Data extract:
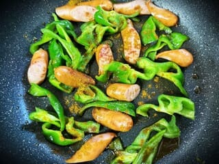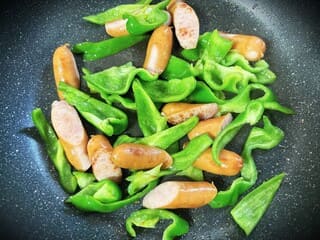 ①ウインナー、ピーマンは食べやすい大きさに切り、油をひいたフライパンで炒める。
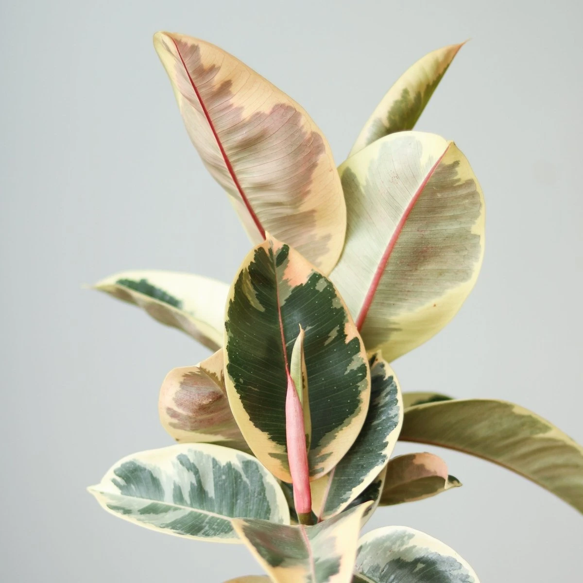 The Tineke Ficus (Ficus elastica ‘Tineke’) is one of the most striking houseplants you can add to your collection. Its bold, marbled leaves feature creamy white, soft green, and blush-pink tones—making it an instant centerpiece for any room. With a modern upright growth habit and easy-care nature, it’s equally loved by seasoned plant collectors and first-time plant parents.
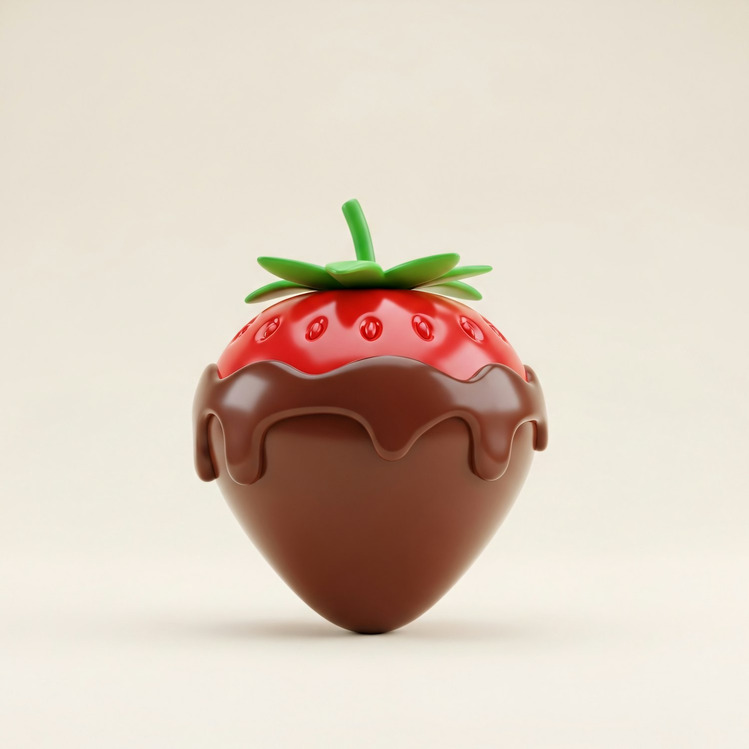 A vibrant 3D-rendered strawberry dipped in chocolate, showcasing a glossy finish and realistic details on a neutral background.
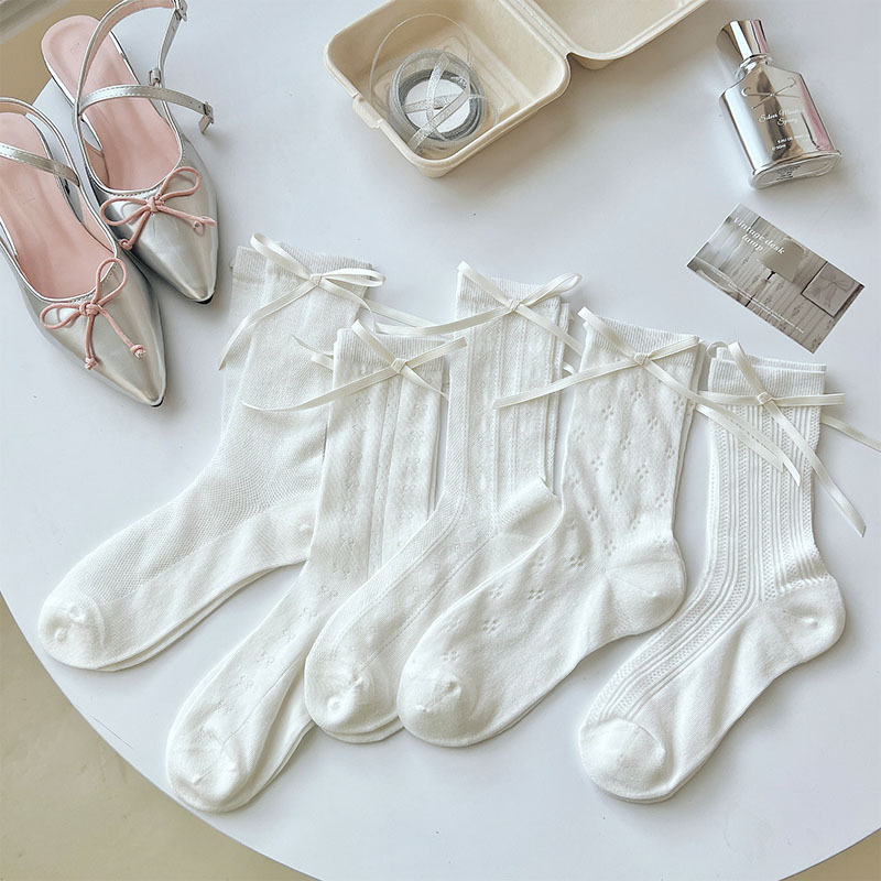 한국 스타일 소녀 화이트 리본 활 양말 여자 봄과 여름 올매치 얇은 일본식 여성 할로우 스타킹

Work required:
Once the pictures are set aside, the remaining data must be transcribed exactly.

Completed task:
 ①ウインナー、ピーマンは食べやすい大きさに切り、油をひいたフライパンで炒める。
 The Tineke Ficus (Ficus elastica ‘Tineke’) is one of the most striking houseplants you can add to your collection. Its bold, marbled leaves feature creamy white, soft green, and blush-pink tones—making it an instant centerpiece for any room. With a modern upright growth habit and easy-care nature, it’s equally loved by seasoned plant collectors and first-time plant parents.
 A vibrant 3D-rendered strawberry dipped in chocolate, showcasing a glossy finish and realistic details on a neutral background.
 한국 스타일 소녀 화이트 리본 활 양말 여자 봄과 여름 올매치 얇은 일본식 여성 할로우 스타킹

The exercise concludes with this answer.